Denn Tankred Dorst ist nicht jemand, der mit zwei, drei Allgemeinbegriffen und einigen geschliffenen Sentenzen Gesprächssituationen in den Griff kriegen will. Daß sich Machtmenschen des Machtmittels Sprache bedienen, um die Realität sich anzupassen, ist schließlich ein Thema, das er in vielen seiner Stücke dargestellt hat. Und ein Machtmensch ist Tankred Dorst ganz sicher nicht.

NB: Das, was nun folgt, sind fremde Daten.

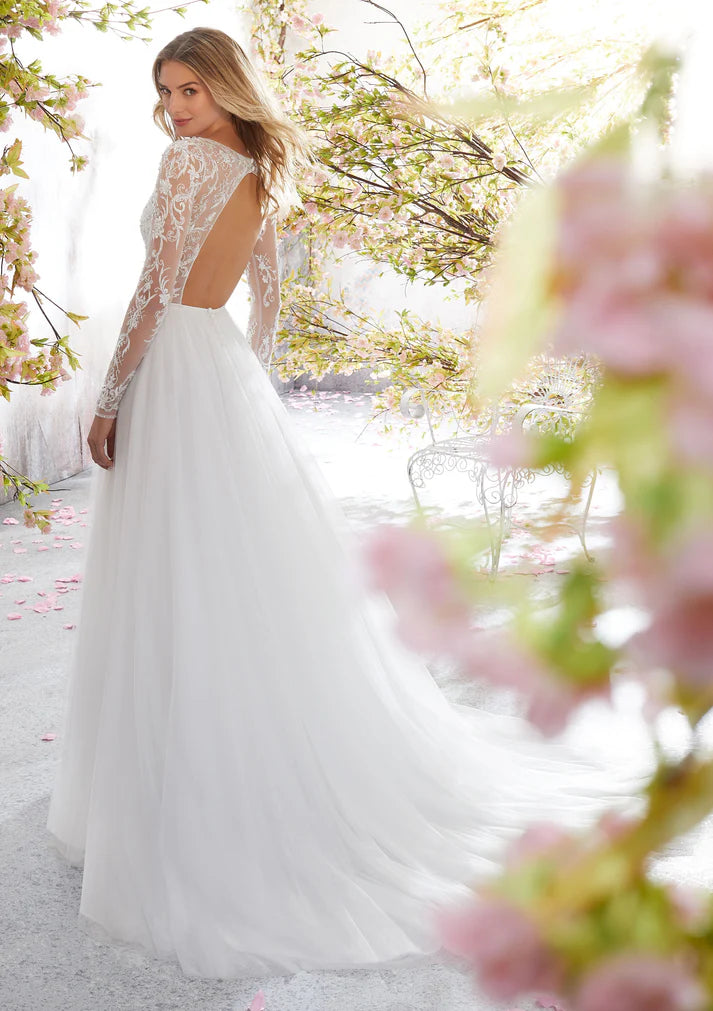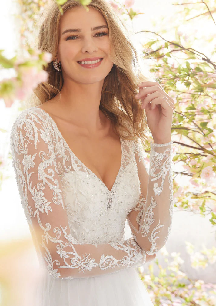 Perfecto para una boda de destino, este vestido de novia de manga larga con red inglesa presenta una blusa con cuello de pico bordada y con cuentas de cristal. Un impresionante ojo de cerradura de nuevo completa el aspecto.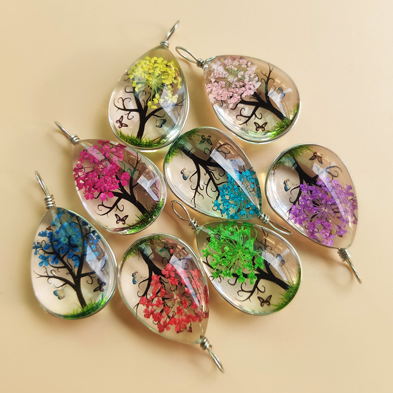 Handmade Eternal Flower Pendant, Tree of Life, Four-Leaf Clover, Dandelion Necklace, Forest Girl Dried Flower Leather Rope Necklace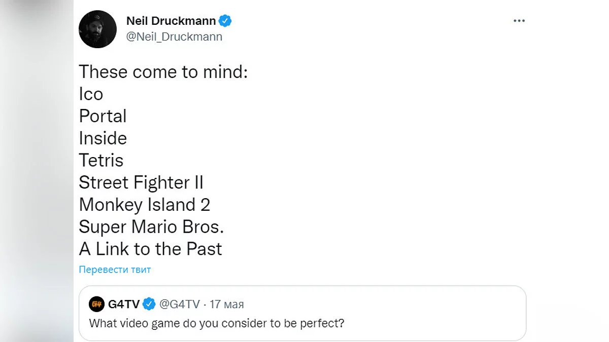 Творческий директор и со-президент компании Naughty Dog Нил Дракманн (Neil Druckmann) недавно, отвечая на вопрос в социальных сетях, внезапно назвал список «идеальных», по его мнению, игр. Стоит заметить, что в него не попали ни The Last of Us, ни The Witcher 3: Wild Hunt, ни Skyrim, ни GTA 5.

In der ungezwungenen Atmosphäre der locker gefüllten Schauspielhauskantine erzählte der Stückeschreiber von seiner Arbeit - unpreziös, ungeschraubt und ungedrechselt. Der Eindruck, einen der bedeutendsten und meistgespielten Autoren Deutschlands vor sich zu haben, verlor sich schnell. Tankred Dorst ist auf eine so selbstverständliche Weise Schriftsteller, daß er Künstlerposen nicht braucht. Wie ein Schreiner oder Schlosser seine handwerklichen Techniken erklären würde, so berichtete Dorst von den Voraussetzungen und Grundzügen seines Schreibhandwerks.

Er gewährte Einblicke in seine Werkstatt, und man erfuhr, daß Dorst immer zuerst den Schluß eines Stückes schreibt, daß er schmale Hefte benutzt, weil ihm das Format helfe, seine Sätze kurz zu halten. Und er sprach über die Motivation seines Stückeschreibens. „Die Schöpfung noch einmal machen“, das sei, so Dorst, sich für die Maßlosigkeit des Anspruchs selbst belächelnd, seine schriftstellerische Utopie. Er habe sich eben dafür entschieden, nicht über sich, sondern „über andere“ zu schreiben, und wolle in seinen Stücken - nach dem Vorbild Hauptmanns und Goldonis - eine möglichst große Vielfalt an Figuren entwerfen.

Identifizieren tut er sich mit seinen Figuren nicht. Sie seien Fremde für ihn, die er im Schreiben von innen heraus zu verstehen suche. Aber natürlich hat Tankred Dorst einige Figuren, die ihn mehr beschäftigen als andere. Eine davon ist Herr Paul aus dem gleichnamigen Stück, das derzeit im Schauspielhaus gezeigt wird. Immer wenn er über diesen Held des Bleibens sprach, mußte man sich des Eindrucks erwehren, es ginge gar nicht um eine literarische Figur, sondern um eine reale Person.